The other basic configurations and operations are the same as those of the first embodiment, and in addition to the effects of the first embodiment, the structure is relatively simple and can be easily miniaturized.

FIG. 9 shows a third embodiment of the invention.

In this embodiment, a basket part 41 is used as the cutting part 2. One end of the operating wire 18 is connected to the rear end of the basket section 41, and the other end of the operating wire 18 is integrally connected to the slider 22 of the operating section 20 through the inside of the sheath 31. Therefore, by grasping the grip part 21 of the operating part 20 and sliding the slider 22, the operating wire 18 slides within the sheath 31, thereby moving the resection part 2 forward and backward. In other words, the operation at hand
When the operating wire 18 is pushed in, the resection portion 2 is projected from the distal end of the sheath 31, and the basket portion 41 is expanded. Conversely, when the operating wire 18 is pulled in, the basket portion 4
The outer surface of the sheath 31 abuts against the distal end of the sheath 31, causing the basket portion 41 to contract. Also, sheath 3
1, a laser guide 25 is inserted from the rear end side,
The distal end of the laser guide 25 is inserted and fixed through the protective tube 37 into a heating section 42 provided at the distal end within the sheath 31 . A plurality of rollers 43 are provided above and below inside the heating section 42, and the operating wire 18 is inserted through the gap between the upper and lower rollers 43. Therefore, the laser light generated by the laser generator 26 is guided by the laser guide 25 and is irradiated onto the heating section 42 from its output end 27 . The heat from the heating section 42 is transmitted to the basket section 41 via the roller 43 and the operating wire 18.
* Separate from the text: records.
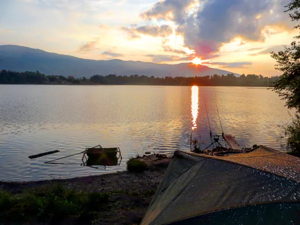 Vzhledem k tomu, že jsem měl na lov poměrně dost času, nespěchal jsem. Krátké rozhovory s místními rybáři, které jsem znal ještě jako malý kluk, mi napověděli, do kterých částí jezera bych se měl ubírat. Moje rozhodnutí nakonec potvrdilo i několik kaprů, kteří jakoby se přede mnou chtěli svými výskoky ukázat v celé kráse. Pro tenhle lov jsem měl vymyšlenou úplně jinou taktiku, než obvykle. Z mělké zátoky, v které nebylo víc než metr a půl vody se dno rychle svažovalo až do zhruba desíti metrů. Právě tento tvrdý svah byl místem, kde kapři vyjížděli z mělčin pro krmení. Rozhodl jsem se pro tento krát použít jenom předmočené boilies 68, které jsem na lovné místo dopravil pomocí kobry Carbon Sky Sword MKII. Na první zákrm jsem do prostoru rozkrmil zhruba 10 kg kuliček. Cílem bylo pokrýt jak mělkou část, ve které kapři narazí na několik atraktivních kuliček, tak i hloubku, do které se při troše štěstí přijdou krmit.
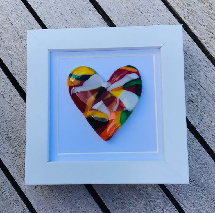 10cm square boxed framed cast heart . Each is unique . I make them in my kiln and each takes around 12 hours to make in the kiln. Beautifully shiny and light reflective . Perfect to brighten your home or as a gift
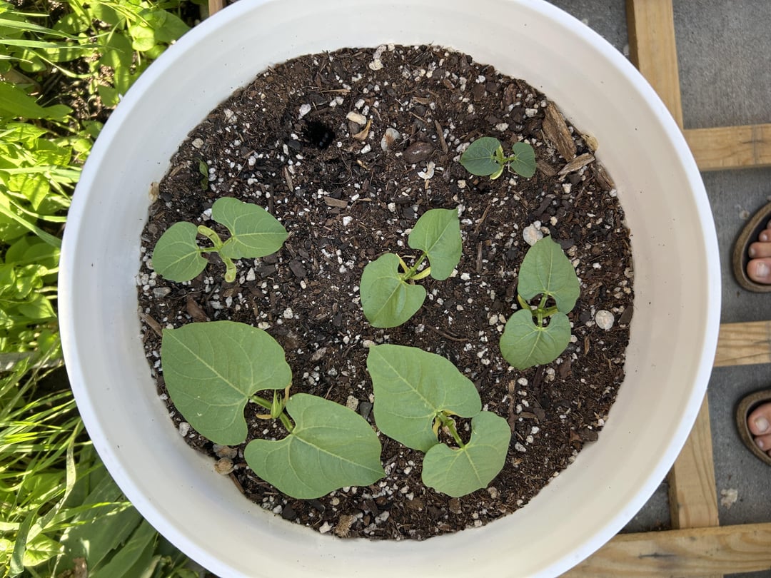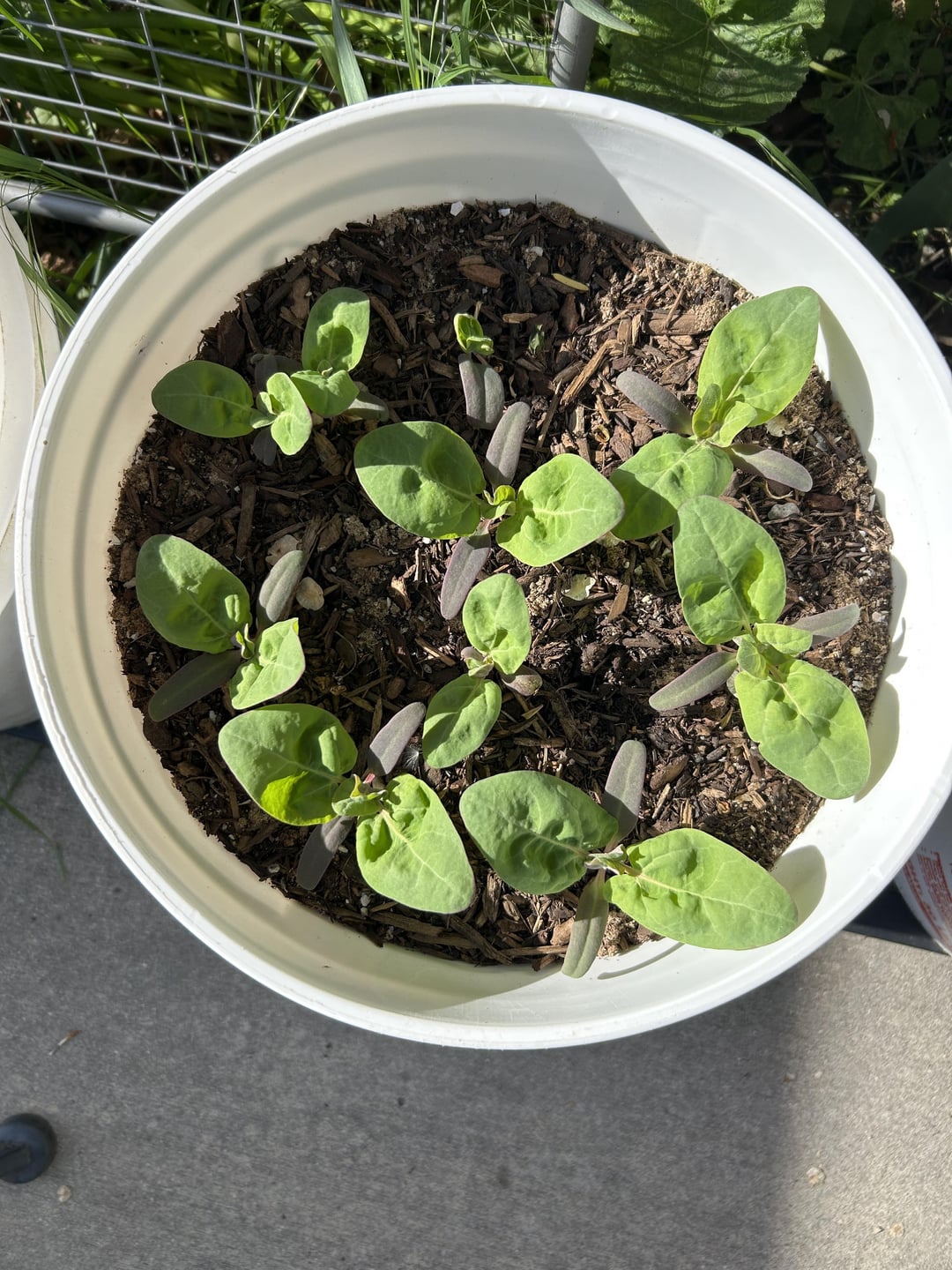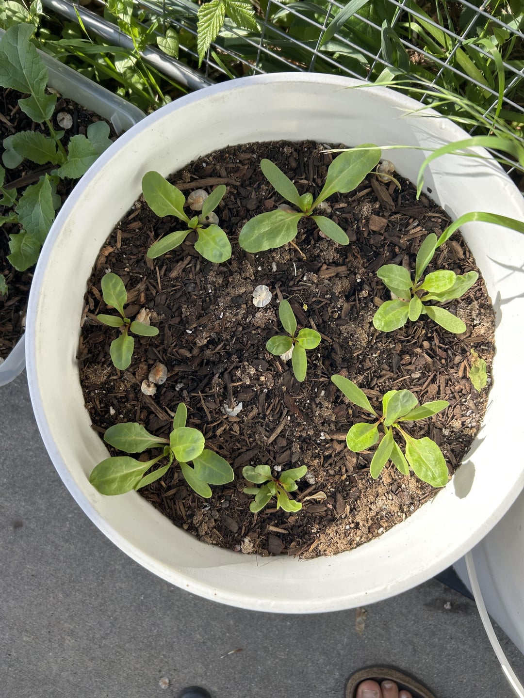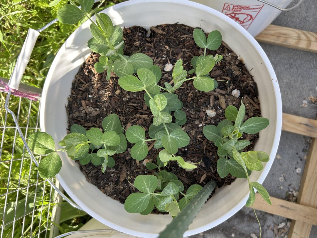 In order of appearance and container size: pole beans (5 gal bucket), peas (5 gal bucket) chard (3.5 gal bucket), spinach (4 gal bucket), mizuna (4 gal bucket)

The other basic configurations and functions are the same as those of the second embodiment, and in addition to the effects of the first embodiment, the excised diseased tissue can be recovered into the basket portion 41.
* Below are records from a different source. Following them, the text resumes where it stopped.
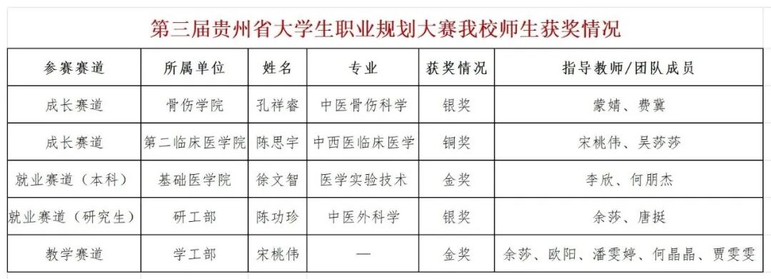 近日,“筑梦青春志在四方,规划启航职引未来”第三届贵州省大学生职业规划大赛总决赛在贵州民族大学举办。我校师生在比赛中发挥出色,荣获2项金奖、2项银奖、1项铜奖,教师团队获奖层次创下我校参加该项赛事的历史最佳成绩。
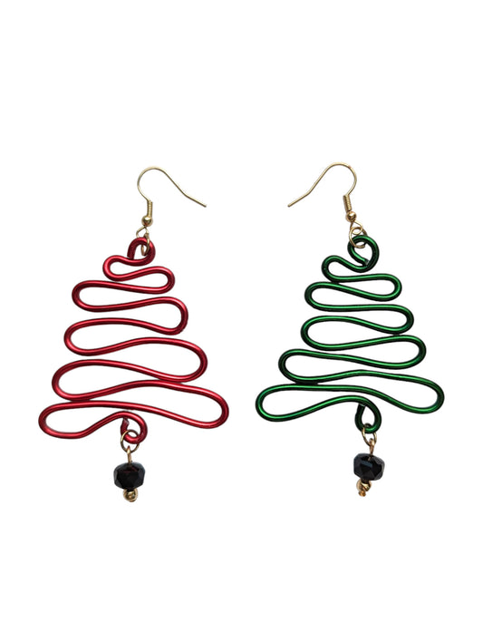 Mismatched Red & Green Christmas Trees Statement Earrings
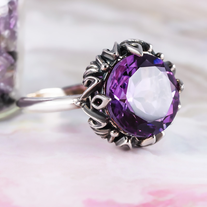 Аметист - это наиболее дорогая разновидность кварца. Магический фиолетовый цвет этого камня во все времена обладал действительно завораживающим эффектом. Своим невероятным цветом он обязан железу, именно этот элемент и придает прозрачному камню его волшебные темно-лавандовые и фиалковые оттенки. Цвет может варьироваться в зависимости от месторождения. Например, цейлонские аметисты имеют нежно - фиолетовый оттенок, а бразильские - более кровавый и насыщенно-пурпурный. Название минерала связано с легендой о прекрасной нимфе Аметис, которую Артемида превратила в драгоценный камень, чтобы защитить от посягательств бога виноделия Диониса.

[Effects of the Invention] As described above, according to the present invention, when incising and resecting a lesion in a living body or a stenosis in a body cavity, in addition to mechanically cutting the lesion by the resection part, the resection part is Since the lesion is heated by a laser beam and the lesion is cauterized with the heat, the incision ability can be improved, and even hard areas can be easily incised and resected. Furthermore, since a laser beam that does not cause an electric shock to the living body is used as a heating means for the resection portion, the treatment can be performed safely.
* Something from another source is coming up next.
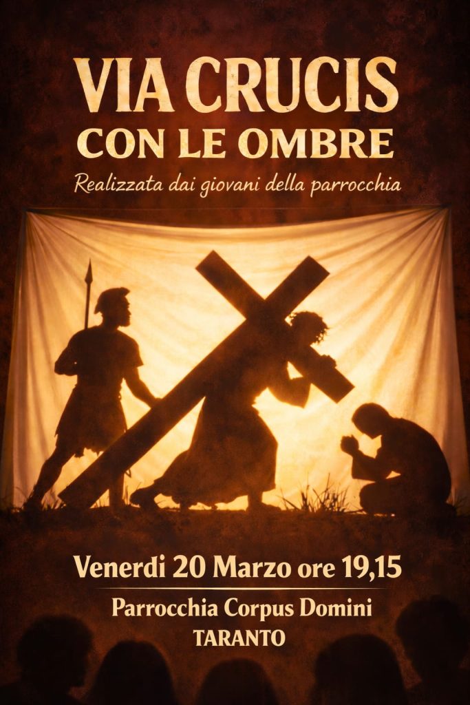 Venerdì 20 marzo, alle ore 19.15, nella chiesa del Corpus Domini di Taranto (quartiere Paolo VI) si svolgerà una suggestiva via crucis con le ombre in un momento particolare di preghiera e riflessione che accompagnerà la comunità nel cammino quaresimale.
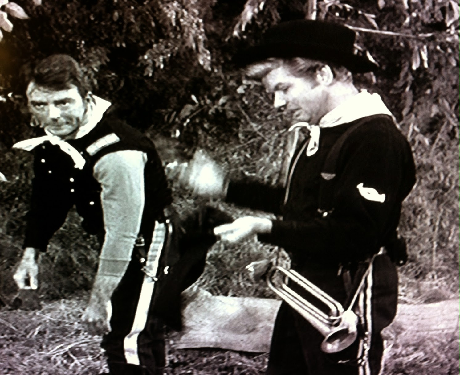 Back inside the fort, a scout from Fort Bravo informs the CO that the Secretary of War is on his way to give someone a medal! With no reason to believe anyone is due a reward for bravery, Parmenter instructs Dobbs to muster the men. While the Bugler has a heretofore unknown talent for mating calls, his ineptitude at cavalry signals remains intact.

[Brief explanation of drawings]

1 to 5 show a first embodiment of the present invention, in which FIG. 1 is a plan view of the cut portion, FIG. 2 is a side view, also partially cut away, and FIG. 3 is a front view. FIG. 4 is a partial sectional view showing the operation, FIG. 5 is an overall configuration diagram, and FIGS. 6 to 8 show a second embodiment of the present invention. 7 and 8 are perspective views showing the operation of the cutting section, respectively, and FIG. 9 is an overall configuration diagram showing a third embodiment of the present invention. DESCRIPTION OF SYMBOLS 1... Cutting tool, 2... Cutting part, 25... Laser guide, 26... Laser generator, 27... Output end part.

Claims (1)

[Claims] A resection tool having a resection section at its tip for resecting a lesion in a living body, and a laser beam emitting end provided on the resection tool arranged in the resection section, so that the resection section can be irradiated with laser light from a laser generator. An endoscopic treatment instrument characterized by comprising a laser guide.